With his mended clothes and untrimmed hair, Remus Lupin felt out of place in the gleaming, cavernous study, like a dandelion on a silver tray. Not what he would think of as a study, the room soared to a high, arched cieling. Huge, decadently tall windows streamed morning light onto the highly-polished stone surfaces of the floor and cieling, and onto the most striking presence in the room, an enormous portrait of the study's owner dressed in brilliant royal blue, blonde hair all smartly styled and in place, perfect teeth gleaming in a self-consciously charming grin. The only thing here he could relate to was the chocolate-chip muffin in his hand.

"Please, Mr. Lupin, have a seat. Make yourself comfortable," Gilderoy Lockhart invited brightly, his crisp robes hissing with every motion as he settled in at the breakfast table with the red-bound book Lupin had brought. Sitting on the table were the tea service and the plate of muffins---two of four were left---and also a blank contract parchment and a quill.

"If you'll please excuse me, I'd rather stand," Lupin said. "I don't mean to be rude, but I can't bear to watch someone judging my work." He paused for a moment. "I would like to ask you, though, how Mr. Grosblack came to tell you about me."

"Hm?" Lockhart looked up. "How did you know it was him?"

"I happened to find that I no longer felt resistance toward telling people I'd written his book, so I knew that he'd broken his contract with me. To you, I assume."

"Oh, I'm terribly sorry!" Lockhart exclaimed, obviously feigning. "I had no idea there was a contract involved! I was just so impressed with the book I wanted to talk to him about it, and when it turned out to be someone else's, I wanted to know about that person, so he told me. I thought it was as simple as that."

That was unlikely. Knowing that it took a great act of will to break such a magical contract, Lupin wondered what could have induced Edwin Grosblack to tell someone like Lockhart that he'd used a ghost-writer and that said ghost-writer was a werewolf---someone thus forced to sell his research for a fraction of its value and see it printed in others' names because publishers refused to deal with him directly. Probably, he thought, it had been a matter of money.

Turning his back to the huge portrait, Lupin looked over the only bookshelf in the wide study. From what he could see, only one author was represented. Travels with Trolls, Gadding with Ghouls, Break with a Banshee . . .

"Well, it already sort of looks like one of mine..." Gilderoy Lockhart mused, turning Lupin's book this way and that before he opened it.

"I wouldn't know; it was blank when I recieved it," he lied amiably. He didn't want to admit that he'd found it in the dustbin behind Flourish & Blotts with pages printed upside-down and sideways, but that had been no matter to him.

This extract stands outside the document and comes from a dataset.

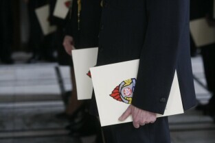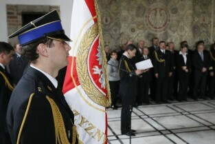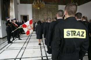 Dzień Strażaka, podczas którego wręczono awanse oraz nagrody dla strażaków. Gdańsk, Ratusz Głównomiejski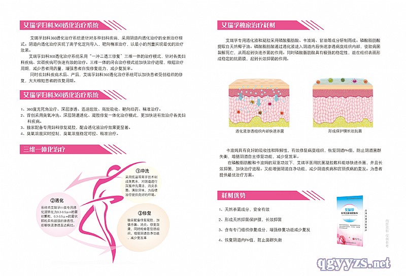 | 补充说明 | 艾瑞孚妇科离子透化治疗教你如何远离妇科炎症 1.保持良好的卫生习惯 不要用**药液清洗阴道,这样做反而会破坏阴道的环境,诱发阴道炎。 有些女性朋友担心白带弄脏内裤或懒得洗内裤,平日总是用卫生护垫,这种做法是不可取的。不是月经期,尽量不要用卫生护垫,应每天晚上用清水洗净外阴,更换内裤。 2.增强免疫力 坚持锻炼,增强体质;睡眠充足、饮食合理、营养均衡;多进食富含维生素的水果蔬菜;保持乐观良好的心态。 3.少穿紧身裤 少穿紧身裤,比如紧身牛仔裤,亦要避免穿着紧身尼龙内裤,应选择棉质内裤。 4.经期定时更换卫生巾 不要非得等它装满经血再换,有时下体感觉到痒可能只是因为经血、尿液和粪便刺激造成的。 如果自己的白带有异常,应该尽早去医院就诊。一旦已经确定为阴道炎了,那么就乖乖听医生的话,认真用药,发生性行为的时候一定要带**套。还有一些类型的阴道炎在月经过后很容易复发,更要按医嘱用药和复查。 艾瑞孚妇科离子透化治疗仪适用人群:适用于**妇科疾病(细菌、霉菌、真菌、滴虫等致病菌引起的阴道炎、宫颈炎、白带异常)、盆腔炎、外阴炎、老年性阴道炎以及产后术后修复。 艾瑞孚妇科离子透化治疗仪利用低温等离子技术制成高浓度臭氧,与水融合产生臭氧水,同时设备内置臭氧浓度感应探头,实时监控臭氧浓度。然后用臭氧水对阴道进行深度冲洗清洁,为后续阴道内透化治疗提供良好的治疗环境。 再以透化装置结合专用耗材进行透化治疗,对病变组织定向治疗。实现离子态导入,使治疗效果*大化,减少患者的治疗周期和用药量,对治疗妇科炎症、宫颈糜烂、术后产后恢复等疾病上具有更好的治疗效果。 艾瑞孚妇科离子透化治疗仪**三**体模式。首先采用阴道冲洗,其次使用透化治疗,第三采用修复治疗的循环治疗模式,可*大限度的提高治疗效果。快速有效的为患者提供*好的治疗,同时大大减少妇科疾病的复发率。 |

The parchment and binding were brand new, good enough for recopying a final draft manuscript, and the "Obliviate" spell would wipe away the contents of a book or document just as it would a person's mind. If it had been one of Lockhart's books, Lupin thought, feeling the giant portrait's grin over his shoulder, insulting the man's ego would hardly help negotiations, and now as he looked over the bookshelves, Voyages with Vampires did look vaguely familiar... Out of curiosity, he lifted it off the shelf and opened it to a random place, taking another bite of the muffin as he tried to distract himself from the sound of flipping pages behind him.

"Very interesting," Lockhart said. "Of course, I wouldn't be able to publish it the way it is right now. Not much dash to it; you know what I mean..."

Glancing over a few pages of Voyages with Vampires was giving Lupin a painfully good idea of what he meant. Am I willing to subject myself to this...? He'd gone over and over the mental tabulations with Lockhart's offer; probably it wasn't a quarter of what Lockhart stood to make, but it was much more than he was used to. Even with his monthly potion eating up most of the money---assuming he could find a potions-master expert enough to make it for him, but better to think about that than the alternatives---the rest would enable him to take the research trip in Scotland he'd been hoping for, without having to sacrifice room, board, or chocolate...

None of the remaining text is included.